News 10 october — 14:10

Boris Johnson and Leo Varadkar to meet in last roll of Brexit dice


British Prime Minister Boris Johnson is due to meet his Irish counterpart Leo Varadkar on Thursday, as both leaders seek to roll the dice one last time in the hope of breaking the Brexit deadlock, Euronews reports.

Their meeting comes three weeks to the day before the UK is due to leave the EU, with no deal in sight.

It is expected to take place in the northwest of England, behind closed doors and away from the media, and follows a phone conversation between the two leaders earlier this week.

Neither side is playing up expectations of a breakthrough. Varadkar has said achieving a deal will be “extremely difficult”. Johnson’s stance appears more positive: the prime minister tweeted to say he was “still cautiously, cautiously optimistic”.

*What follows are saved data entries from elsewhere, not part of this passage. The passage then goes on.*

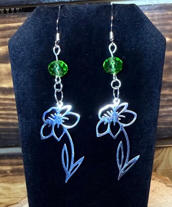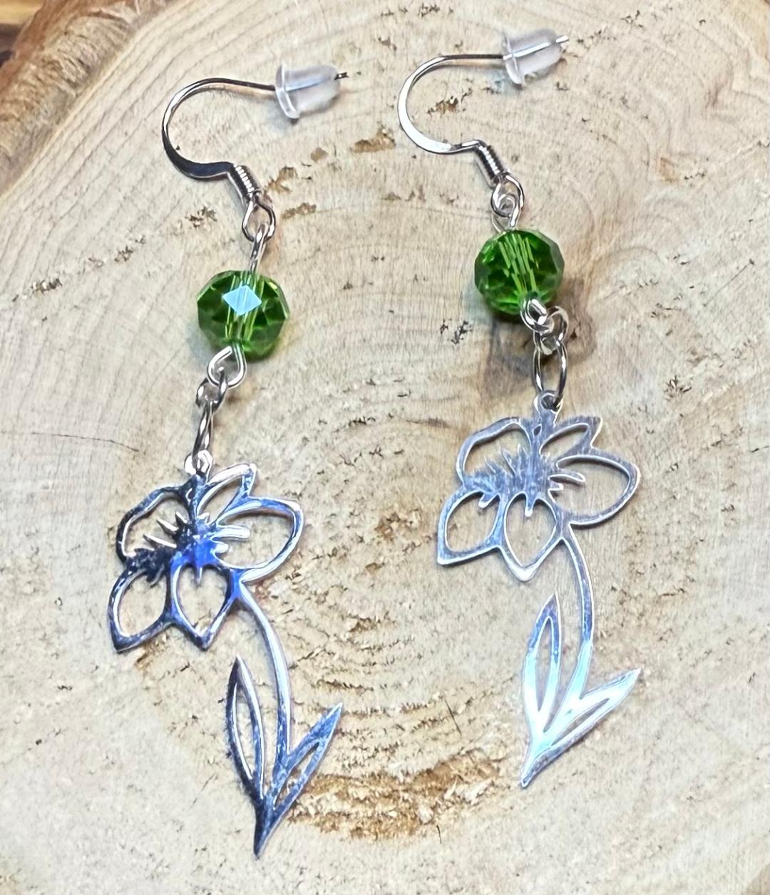 NEW STAINLESS STEEL FLOWER EARRINGS W/ FACETED GREEN GLASS BEAD
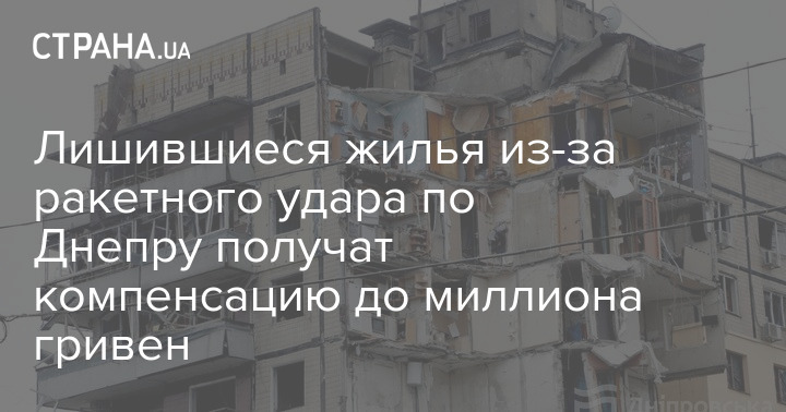 Лишившиеся жилья из-за ракетного удара по Днепру получат компенсацию до миллиона гривен
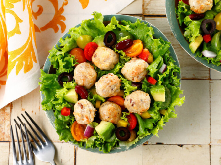 アマタケの鶏肉・あい鴨肉を使った鶏コラーゲン入りのミートボールです。もち麦、アマニ、キヌア、チアシード、アマランサスの五穀を配合し、フランス岩塩と昆布だしで仕立てました。 -
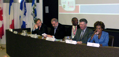 The conference was attended by the Governor General of Canada, Her Excellency Michaelle Jean, who is from Haitian descent and the Minister or International Relations of Quebec Pierre Arcand.

The reality is that there is a yawning gulf between the British government’s position, and that of Ireland and the EU. Talks in Brussels all but broke down this week amid a bout of acrimony.

The Irish prime minister has since told parliament in Dublin his government has “grave difficulty” with the UK’s plan to pull Northern Ireland out of the EU’s customs union without the consent of its people – a majority of whom opposed Brexit in the 2016 referendum.

Under Boris Johnson’s plan for a revised divorce deal, the “backstop” – which would keep the UK in a customs union with the EU – would be scrapped. Instead, the whole of the UK – including Northern Ireland – would leave.

Dublin and the EU27 oppose customs checks anywhere on the island of Ireland. They say the UK’s proposals for an automated system are unproven and cannot provide a cast-iron guarantee for an open border in the same way as the backstop.

The British want the EU to compromise over customs, arguing that they have given ground in accepting that Northern Ireland would remain under single market rules for goods and agri-food products.

But Dublin, with EU backing, opposes the UK’s plan whereby the arrangement would be subject to approval every four years from Northern Ireland’s elected authorities. Many among the business and farming communities in the North have also castigated Johnson’s plan as unworkable and damaging.

Hopes are not high that the meeting between Johnson and Varadkar will bring a meeting of minds. It comes a week before a European Council summit when any deal would need to be signed off by EU27 leaders.

The British government continues to insist the UK will leave the EU on October 31. The British parliament – which has passed a law designed to force another delay in the absence of a deal – will hold an emergency session on October 19, its first Saturday sitting since 1982.